McDonald explained that she was reminded of how important her work was when she read the letters of support from the people who rallied around her. 
“It is easy to get discouraged and feel like there is no use in trying to fight systems of oppression, but always remember that there is so much support surrounding you.”
McDonald discussed that she is most likely taking a year off after she graduates. 
“Having a Queen’s education is an incredible privilege and I hope that I can use what this campus has taught me to help other people in the future.”
Mike Blair, Eng ’17
Blair has held leadership positions with Queen’s First Aid Campus (QFA) Response Team, the Alma Mater Society, and the University as the 175th Anniversary Coordinator.

“I made a point out of first year to pursue roles that would afford me the opportunity to contribute to the Queen’s community in unique ways,” Blair said. 
Blair explained that after joining QFA in first year, he began to see more opportunities where he could get involved. 
“I am so deeply honoured to have been invested to the Tricolour Society. It is humbling to be recognized by my peers for my service, and I hope that my story can motivate others to give back to our community in a way that is uniquely their own,” Blair said. 
Next year Blair will be returning to finish his degree, help with QFA and serve a one-year term on the AMS Board of Directors. 
Claire Gummo, ArtSci ’16
Gummo has become a leader in the conversation of sexual violence and prevention on Queen’s campus throughout her time here.
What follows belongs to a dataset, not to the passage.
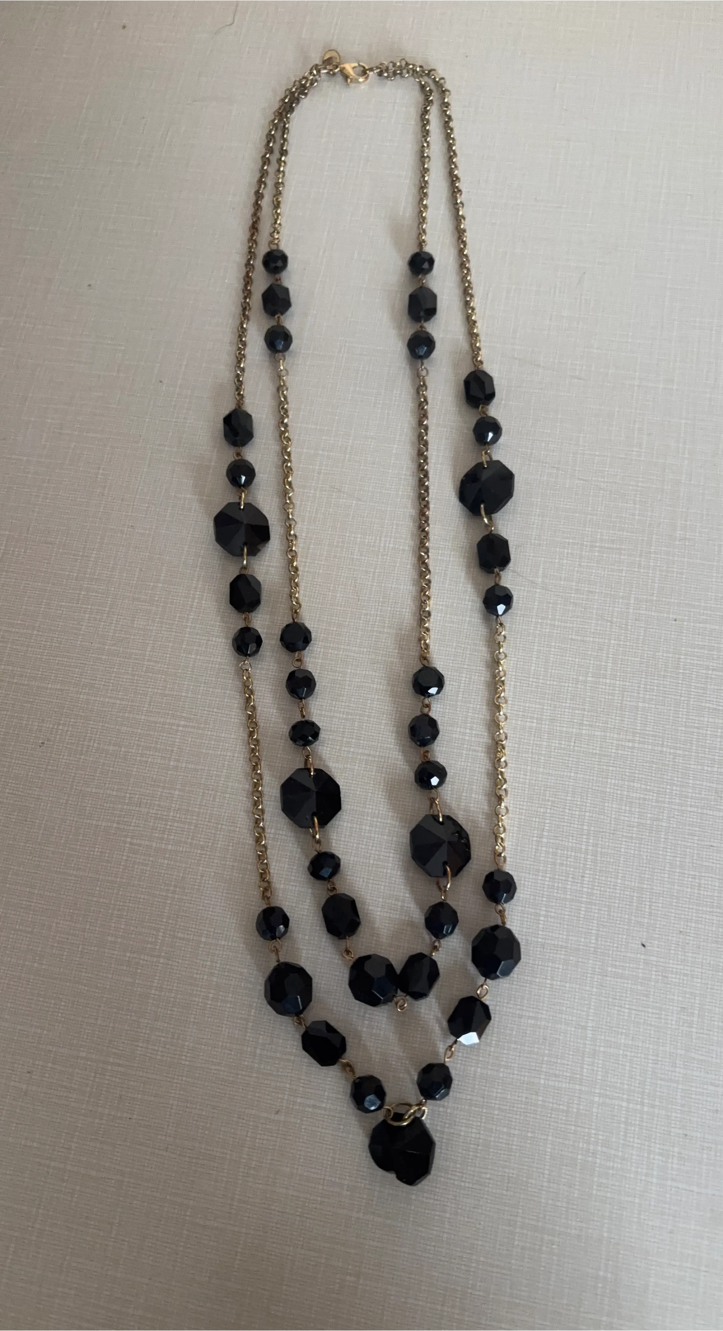A layered necklace with gold-tone chains and faceted black beads. It features various bead sizes for visual interest. This necklace would be a nice addition for dressing up an outfit.

She spent time with the SHRC as both an executive and volunteer. 
“I’ve served as a student representative on three senior administration committees, developing Queen’s first sexual violence policy,” Gummo said. 
As well, in 2016 Gummo began Queen’s Bystander Intervention Program which has reached over 2,000 students this school year. 
“This award means the world to me. I was surprised and humbled to learn that I was nominated. I share it with my amazing team, colleagues and peers at the AMS, Bystander, the SHRC, and Student Affairs.”
Gummo hopes to continue to work with Queen’s long after her time has ended.
Mike Young, ArtSci ’16
“I don’t think there are any accomplishments the committee will cite in their decision that are my accomplishments alone,” Young said. 
Young explained that no matter what capacity he was working in, he was always striving to make Queen’s campus more “compassionate and empathetic” when it came to mental health, gender/sexual diversity, sexual violence, and anti-oppression. 
This was especially important in Young’s time at Queen’s, serving  a two-year term as the University’s 34th Rector.
“Being named a recipient further solidifies my belief that I’ve been surrounded with inspiring and exceptional human beings and leaders consistently during my time here.”
Young explained that the award belonged to more than just himself, but the people around him who he’s learned from and grown with. 
“This award is an incredibly humbling reminder that the work helps people and makes lives better in some way,” Young said. 
Lauren Winkler, ArtSci ’17 
This year, Winkler was President of the Queen’s Native Student Association as well as Deputy Commissioner of Indigenous Affairs under the Social Issues Commission. 
“In these roles I act as an Indigenous student voice on various committees such as the TRC Task Force, the Sexual Violence Prevention and Response working group, and Aboriginal Council of Queen’s University,” Winkler said. 
Winkler also spoke to how she focuses on creating visibility and educating Queen’s staff, faculty, and students on Indigenous history, culture and current affairs. 
“I have worked very hard this year to work toward creating a more inclusive campus for Indigenous students and have worked on multiple projects that I feel very passionate about.”
Winkler hopes that her work will help raise awareness for the opportunities that Indigenous students have on Queen’s campus and inspire them to get involved.